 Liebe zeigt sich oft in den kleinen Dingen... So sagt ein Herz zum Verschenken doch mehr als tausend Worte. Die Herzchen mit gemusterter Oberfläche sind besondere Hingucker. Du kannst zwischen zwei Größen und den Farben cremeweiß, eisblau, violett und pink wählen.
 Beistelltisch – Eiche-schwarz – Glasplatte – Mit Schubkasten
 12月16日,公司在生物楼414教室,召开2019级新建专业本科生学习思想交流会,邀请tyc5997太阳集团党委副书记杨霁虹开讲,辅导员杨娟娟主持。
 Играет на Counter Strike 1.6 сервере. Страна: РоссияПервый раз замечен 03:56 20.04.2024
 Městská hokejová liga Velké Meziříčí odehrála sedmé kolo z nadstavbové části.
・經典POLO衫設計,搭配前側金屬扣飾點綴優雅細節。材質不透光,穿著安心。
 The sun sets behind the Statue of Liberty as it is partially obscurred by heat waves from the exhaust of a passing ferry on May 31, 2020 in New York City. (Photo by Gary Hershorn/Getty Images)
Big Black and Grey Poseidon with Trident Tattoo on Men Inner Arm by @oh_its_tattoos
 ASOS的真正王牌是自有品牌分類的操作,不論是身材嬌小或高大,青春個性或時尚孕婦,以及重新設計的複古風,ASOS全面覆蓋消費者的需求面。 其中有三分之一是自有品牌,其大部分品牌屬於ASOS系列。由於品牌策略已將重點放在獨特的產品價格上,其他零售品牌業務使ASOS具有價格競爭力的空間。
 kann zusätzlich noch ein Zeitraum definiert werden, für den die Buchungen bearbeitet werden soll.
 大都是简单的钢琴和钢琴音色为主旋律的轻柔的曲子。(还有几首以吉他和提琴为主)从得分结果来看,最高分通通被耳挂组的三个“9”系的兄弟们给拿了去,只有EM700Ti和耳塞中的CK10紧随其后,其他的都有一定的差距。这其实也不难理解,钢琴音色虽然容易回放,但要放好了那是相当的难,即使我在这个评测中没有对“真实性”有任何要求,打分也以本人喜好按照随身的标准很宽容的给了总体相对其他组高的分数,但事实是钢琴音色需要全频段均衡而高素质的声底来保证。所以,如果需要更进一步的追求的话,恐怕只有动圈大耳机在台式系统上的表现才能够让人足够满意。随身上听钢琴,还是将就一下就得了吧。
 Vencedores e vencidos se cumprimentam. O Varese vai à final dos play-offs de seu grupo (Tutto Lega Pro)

---

- What is being asked
Starting at the line with "kann zusätzlich noch", retype each line through the final one in the data above, unchanged and with nothing added.

- Task result
 kann zusätzlich noch ein Zeitraum definiert werden, für den die Buchungen bearbeitet werden soll.
 大都是简单的钢琴和钢琴音色为主旋律的轻柔的曲子。(还有几首以吉他和提琴为主)从得分结果来看,最高分通通被耳挂组的三个“9”系的兄弟们给拿了去,只有EM700Ti和耳塞中的CK10紧随其后,其他的都有一定的差距。这其实也不难理解,钢琴音色虽然容易回放,但要放好了那是相当的难,即使我在这个评测中没有对“真实性”有任何要求,打分也以本人喜好按照随身的标准很宽容的给了总体相对其他组高的分数,但事实是钢琴音色需要全频段均衡而高素质的声底来保证。所以,如果需要更进一步的追求的话,恐怕只有动圈大耳机在台式系统上的表现才能够让人足够满意。随身上听钢琴,还是将就一下就得了吧。
 Vencedores e vencidos se cumprimentam. O Varese vai à final dos play-offs de seu grupo (Tutto Lega Pro)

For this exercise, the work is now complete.